── Dataset ──

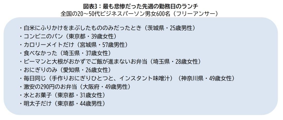 ・勤務日で最も悲惨だったランチを聞いたところ、「水とお菓子」「明太子だけ」と栄養バランスが悪い食事をとっている人がいることが浮き彫りになった。
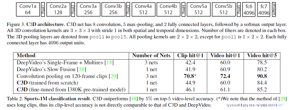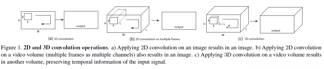 通过三维卷积和三维池化,我们能够对时间信息更好地建模。在3D卷积网络中卷积和池化在时空同时操作而2D卷积中仅仅在空间上。2D卷积丢失了时间信息而3D卷积通过输出一个体积形式保留了时间信息。池化操作同理可得。
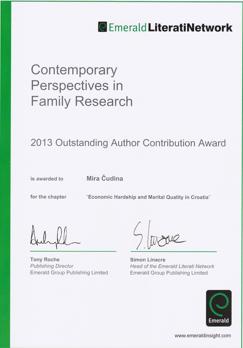Poznata međunarodna izdavačka kuća EMERALD svake godine objavljuje velik broj stručnih knjiga i znanstvenih monografija iz prirodnih, društvenih i humanističkih znanosti na engleskom jeziku. Stručno povjerenstvo za prirodne i društvene i humanističke znanosti ocjenjuje te radove i proglašava najbolju knjigu i najbolje poglavlje u knjizi objavljeno te godine. Obaviješteni smo da je za 2013. godinu stručno povjerenstvo iz društvenih znanosti kao izvanredan doprinos nagradilo poglavlje u zborniku koje su napisali naš član prof. dr. Josip Obradović i profesorica emerita Mira Čudina-Obradović pod nazivom Economic Hardship and Marital Quality in Croatia u zborniku ECONOMIC STRESS AND THE FAMILY. Urednik zbornika je prof. dr. Samson Lee Blair sa sveučilišta The State University of New York, USA.
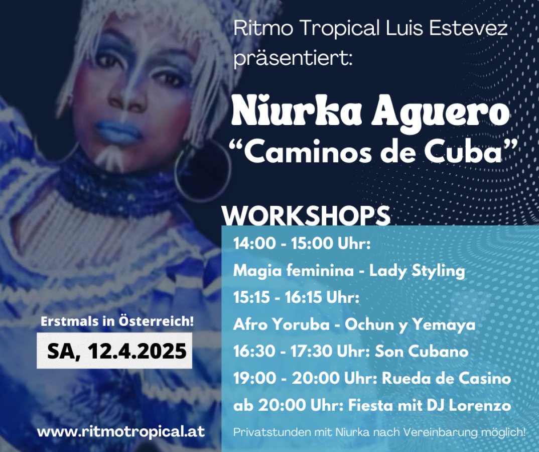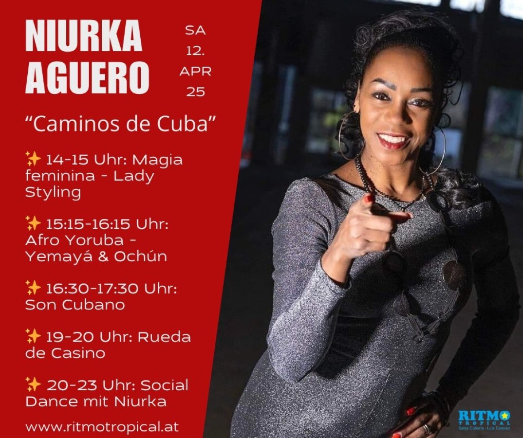 For the first time in Austria, exclusively in Ritmo Tropical: Niurka Aguero, an outstanding dancer and teacher, will be teaching in Vienna on Saturday, April 12th - a real highlight for all dance enthusiasts!
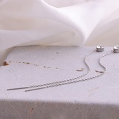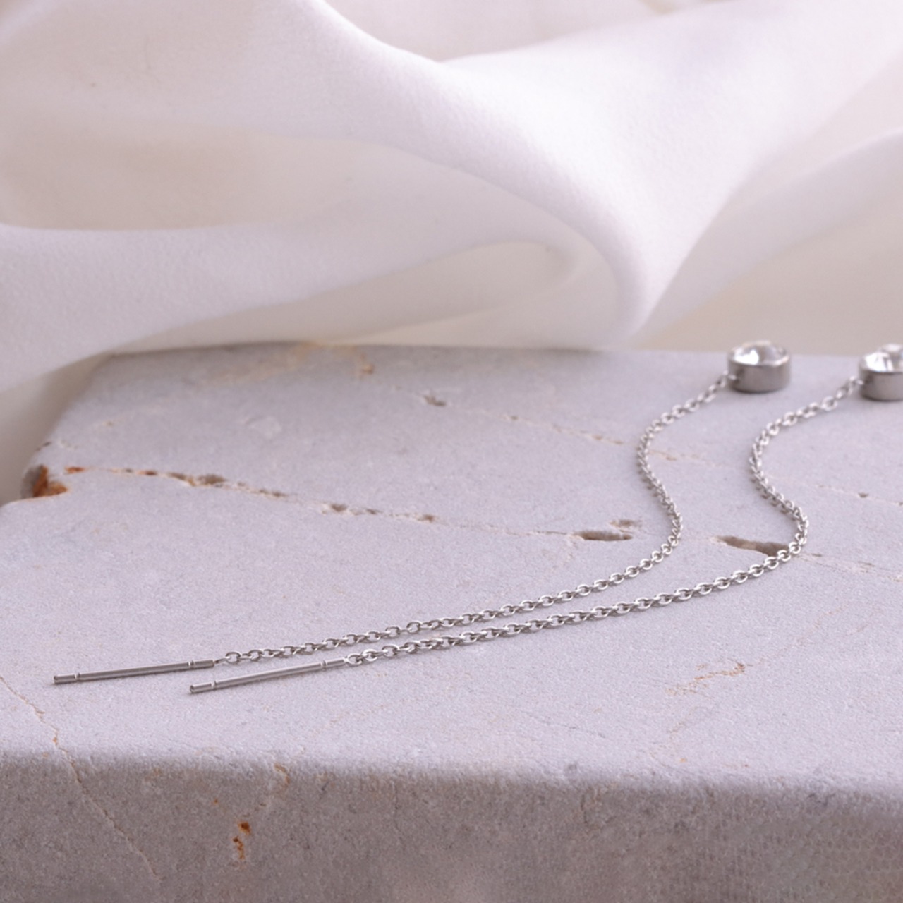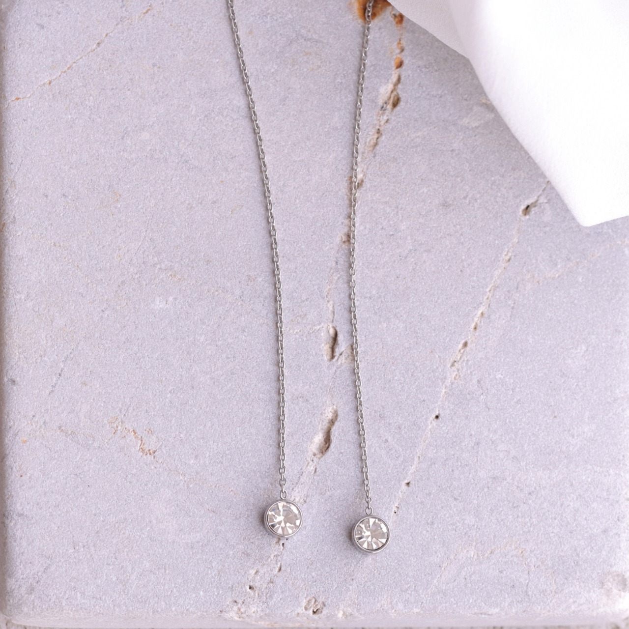 繊細に揺れるチェーンと、先端で静かに輝く一粒のクリスタル。 Stienは、動きに合わせて表情を変えながら、横顔に洗練された余韻を残します。主張しすぎないデザインだからこそ、日常にも特別な日にも自然に寄り添う存在。

───

What to do →
Only the lines between the one containing "For the first" and the last line of the listing above, both included, should be written out, exactly and without pictures.

Exercise output →
 For the first time in Austria, exclusively in Ritmo Tropical: Niurka Aguero, an outstanding dancer and teacher, will be teaching in Vienna on Saturday, April 12th - a real highlight for all dance enthusiasts!
 繊細に揺れるチェーンと、先端で静かに輝く一粒のクリスタル。 Stienは、動きに合わせて表情を変えながら、横顔に洗練された余韻を残します。主張しすぎないデザインだからこそ、日常にも特別な日にも自然に寄り添う存在。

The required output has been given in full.